Alla porta della Torre Rotonda venni accolto da una persona in hieb bianco e camicia cremisi, che portava una catena d'argento intorno al collo: Faxe, il Profeta della Fortezza di Otherhord. Alla vista del suo volto bello e gentile, il primo volto conosciuto che vedessi da moltissimi giorni, una fiumana di sollievo travolse e addolcì il mio umore di risoluzione tesa e forzata. Quando Faxe mi prese le mani, nel raro gesto di saluto karhidiano, e mi diede il benvenuto come amico, riuscii a rispondere in qualche maniera al suo calore.
Lui era stato mandato al kyorremy dal suo distretto, Sud Rer, nei primi giorni dell'autunno. L'elezione di membri del consiglio tra gli Abitanti delle Fortezze Handdara non è un evento insolito; non è però usuale che un Tessitore accetti la carica, e credo che Faxe avrebbe rifiutato, se egli non fosse stato troppo preoccupato degli effetti del governo di Tibe, e della direzione in cui esso stava portando la nazione. Così egli si era separato dalla catena rossa di Tessitore, e aveva indossato la catena d'argento del consigliere; e non aveva impiegato molto a lasciare il suo segno nella corte, perché dal mese di Thern era diventato membro dell'Heskyorremy, o Concilio Interno, che serve da contrappeso al Primo Ministro, ed era stato il re a nominarlo per quell'alto incarico. Forse Faxe stava salendo a quella posizione di eminenza dalla quale Estraven, meno di un anno prima, era caduto. Le carriere politiche, in Karhide, sono brusche, precipitose.
Nella Torre Rotonda, una casetta fredda e pomposa, Faxe e io parlammo a lungo, prima che io dovessi vedere qualcun altro, o fare qualche dichiarazione o apparizione formale. Lui mi chiese, con i suoi occhi chiari fissi su di me:
— C'è una nave che viene, allora, che discende sulla terra: una nave più grande di quella con la quale siete disceso sull'Isola di Horden, tre anni fa. È vero, questo?
— Sì. Cioè, ho inviato un messaggio che dovrebbe prepararla a discendere.
— E quando verrà?
Quando mi resi conto di non sapere neppure in quale giorno del mese fossimo, cominciai anche a capire in quali condizioni tragiche mi ero trovato, fisicamente e moralmente, negli ultimi tempi. Fui costretto a contare faticosamente i giorni, risalendo a quello precedente la morte di Estraven. Quando scoprii che l'astronave, se fosse stata alla distanza minima nel momento della chiamata, doveva già trovarsi in orbita planetaria, in attesa di una mia comunicazione, provai un'altra scossa violenta.
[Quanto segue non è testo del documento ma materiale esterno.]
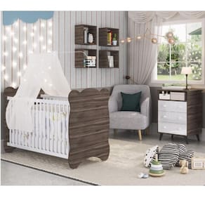 Quarto de Bebê Completo com 1 Berço 1 Comoda Panda Móveis Percasa Carvalho/Branco. O Quarto de Bebê Panda é composto por um lindo berço na cor carvalho e uma cômoda retro carvalho com branco. Ideal para ser utilizado em um quarto mais compacto. A cômoda possui três gavetas com corrediças telescópicas e seus pés são em madeira.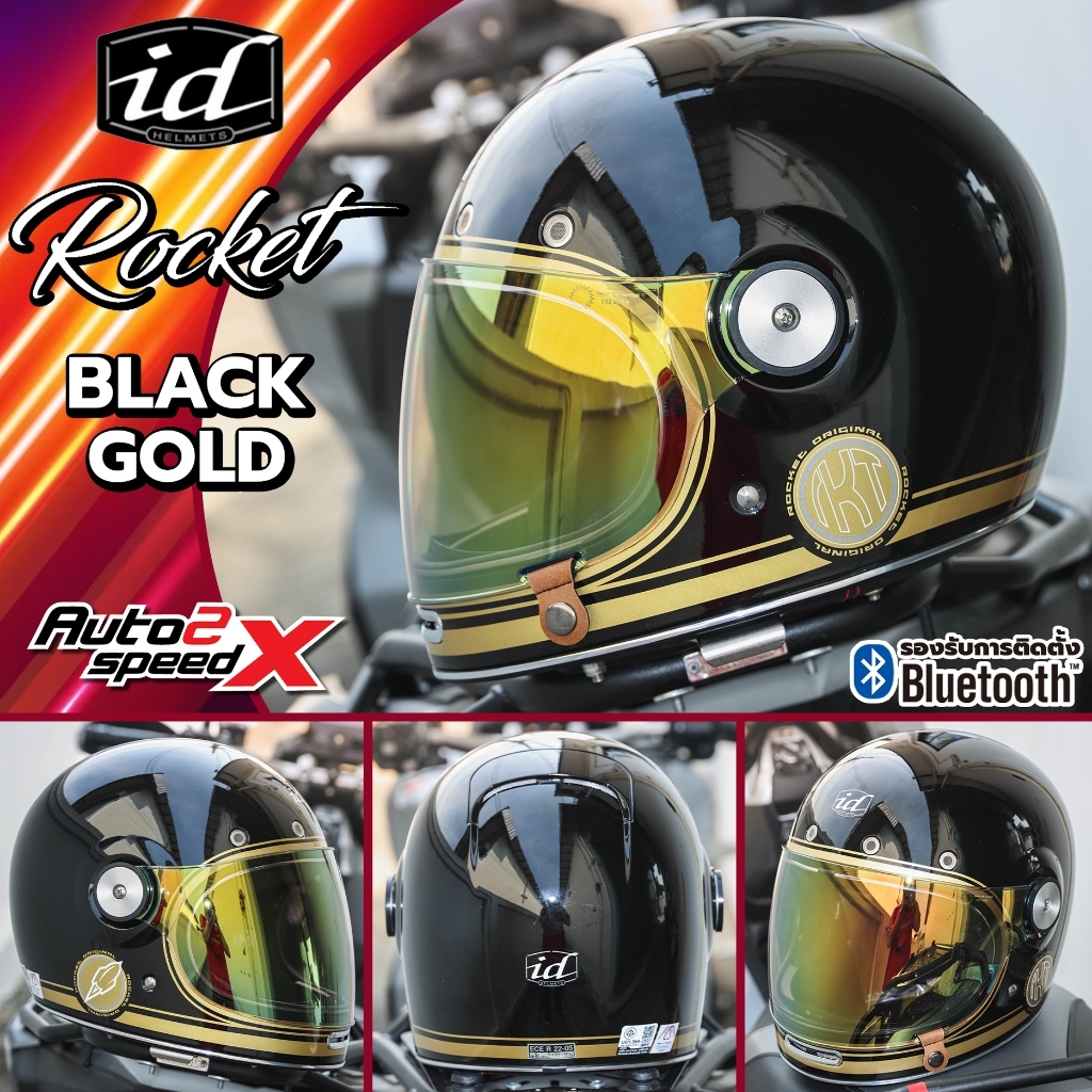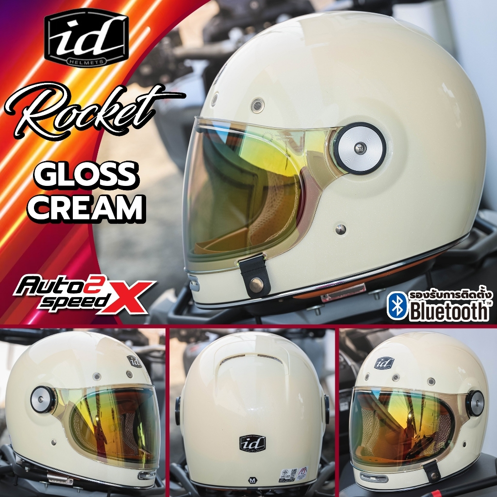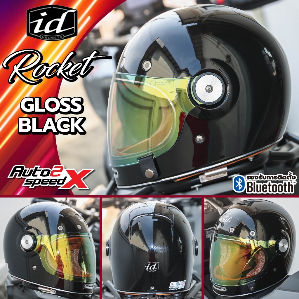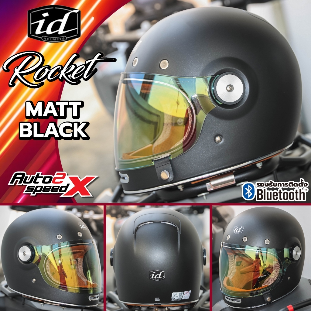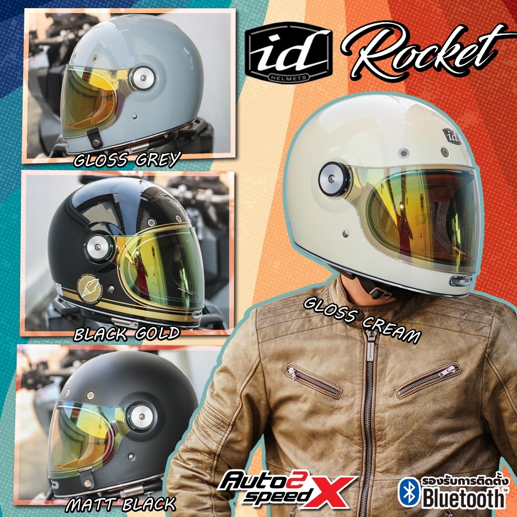 [ใช้โค้ดคุ้มลด 20%] แถมฟรีชิลด์บับเบิ้ลดำอีก1อัน หมวกกันน็อค iD ROCKET วินเทจ คลาสสิค 2025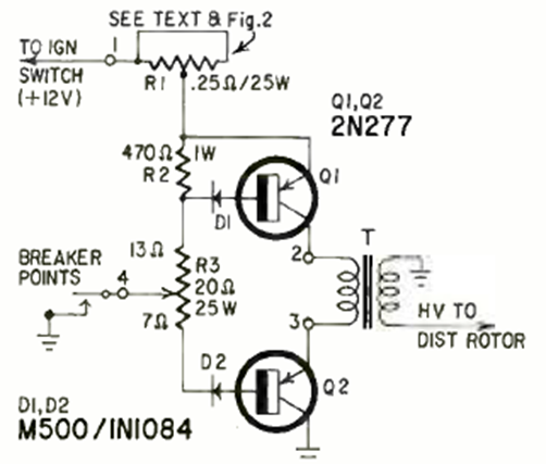 This assisted ignition circuit (which reduces the spark current) dates to the time when cars had spark plugs. The transistor performed the switching with better performance. The circuit is from a Radio Electronics from July 1963.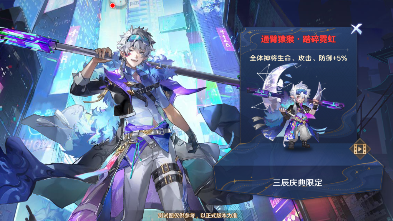 本次更新后,服务器将更新通臂猿猴周年限定装饰,包括限定皮肤-踏碎霓虹、限定头像框以及限定称号,守护使可通过周年庆-赛博协议活动购买获得。

— Devo comunicare con la nave. Vorranno delle istruzioni. Dove desidera che discenda, il re? Dovrebbe trattarsi di una regione disabitata, e abbastanza vasta. Devo avere una trasmittente…
Tutto venne disposto rapidamente, e con facilità. Le interminabili convulsioni e frustrazioni dei miei precedenti contatti con il Governo di Erhenrang si erano fuse come ghiaccio in un fiume caldo, nel tempo del disgelo. La ruota girava… Il giorno dopo avrei avuto un'udienza dal re.
C'erano voluti sei mesi, a Estraven, per predisporre la mia prima udienza. C'era voluto tutto il resto della sua vita per disporre la seconda.
Ero troppo stanco per provare apprensione, questa volta, e c'erano cose, nella mia mente, il cui peso era assai superiore alla vergogna, o alla coscienza di me stesso. Percorsi il lungo corridoio rosso, sotto le bandiere polverose, e mi fermai davanti alla piattaforma, con i suoi tre grandi focolari, dove tre fuochi vividi scintillavano e crepitavano. Il re era seduto accanto al focolare centrale, curvo su uno sgabello intarsiato, accanto al tavolo.